Per DisplayPort specification set by VESA, all monitors that bear the DisplayPort logo (or uses its specification) are required to support EDID and DDC/CI. This causes a problem when the standard specification also includes a very annoying feature called hotplug detection and the operating system handles it un-gracefully, causing problems such as the resolution of the screen changing, 3D applications crashing, screen not showing up on remote access software, PC failing to boot due to the lack of monitors, or all the desktop windows and icons being shifted to the next available monitor which may or may not exist on the system.
Some people have resorted to getting a dummy display device (which plugs into the port and makes the GPU think there is a monitor attached to it), but in my case, this didn't even work since the GPU still rearranged the screens and Windows 10 reacted by disabling the "Copy Screen" option, which renders the solution useless because you have to go to the option and turn this option back on when you turn the monitor on again.
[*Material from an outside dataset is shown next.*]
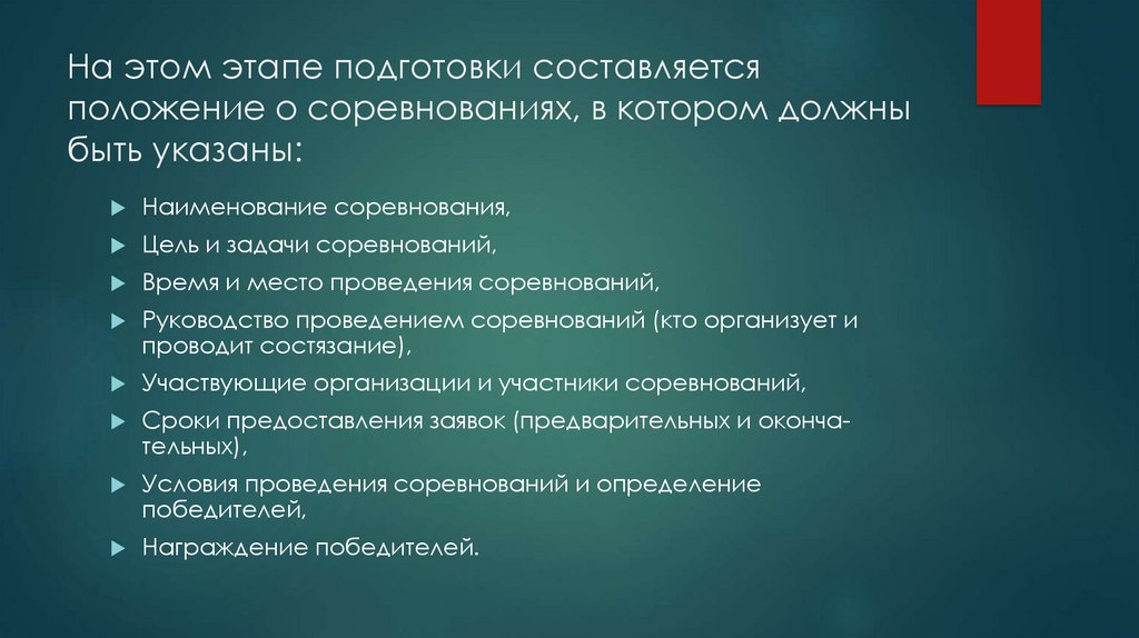 На этом этапе подготовки составляетсяположение о соревнованиях, в котором должны

Moreover, most pre-made solutions (EDID copiers, dummy plugs, DP-to-HDMI converters) do not support any refresh rate above 75Hz, which causes glitches and issues when you want to use 120Hz or 144Hz refresh rate on your new monitor. How do I know? I tried 4 different devices from different manufacturers, all of which showed glitches when set to run at 144Hz. Plus, dummy plugs are useless when you want to make your monitor appear not-turned-off.
Some monitors provide "hybrid sleep" mode which lets you put the monitor to sleep instead of turning off, leaving the hotplug detection happy while you sleep knowing that the service life of the backlight lamp is not going to be wasted when you are not using it, but this feature is missing on many many monitors. To combat this issue, some users have used the "black screen" trick to simulate the monitor turning off, but this still leaves the backlight of the display on, reducing its lifespan and still wastes electricity.
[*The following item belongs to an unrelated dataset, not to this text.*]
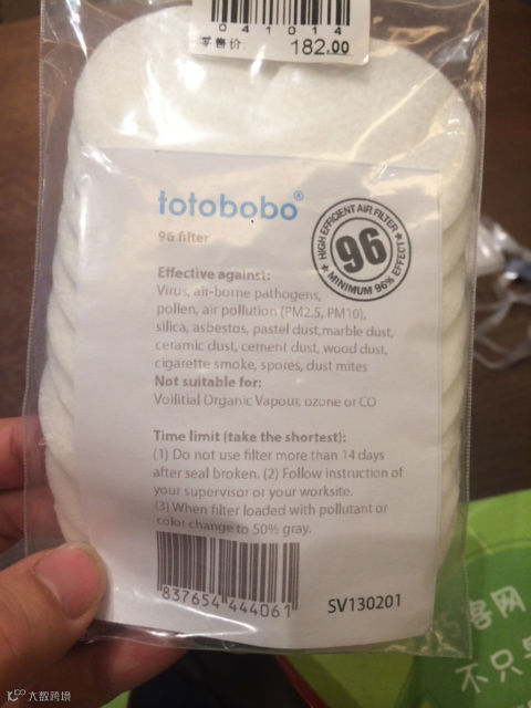 上图中的圆形滤芯已经明显变黑了,这只口罩我在杭州仅佩戴了累积48小时左右,如果你想说服一个人戴口罩,totobobo一定是最好的选择,因为污染很直观的体现在了滤芯颜色的变化上。

NVIDIA provides kinda-sorta fix on Quadro cards by loading the EDID information from a file, however they're ridiculously expensive and not at all fit for most people (like buying a new car to fix a flat tire is stupid). Intel and AMD refuses to let users disable this annoying feature. Microsoft still does not want to implement a way to disable this feature (even with users understanding that this may cause problems). While on Windows 7 you could do a registry patch to kill this feature, on Windows 10 the supposed fix does not work anymore.
Left with no other options and tired of companies shifting the responsibility to one another over and over, I decided to make something that kills this feature once and for all, and without having to buy the device from some company far, far away from you with no guarantee on whether or not it supports the display refresh rate or resolution you want.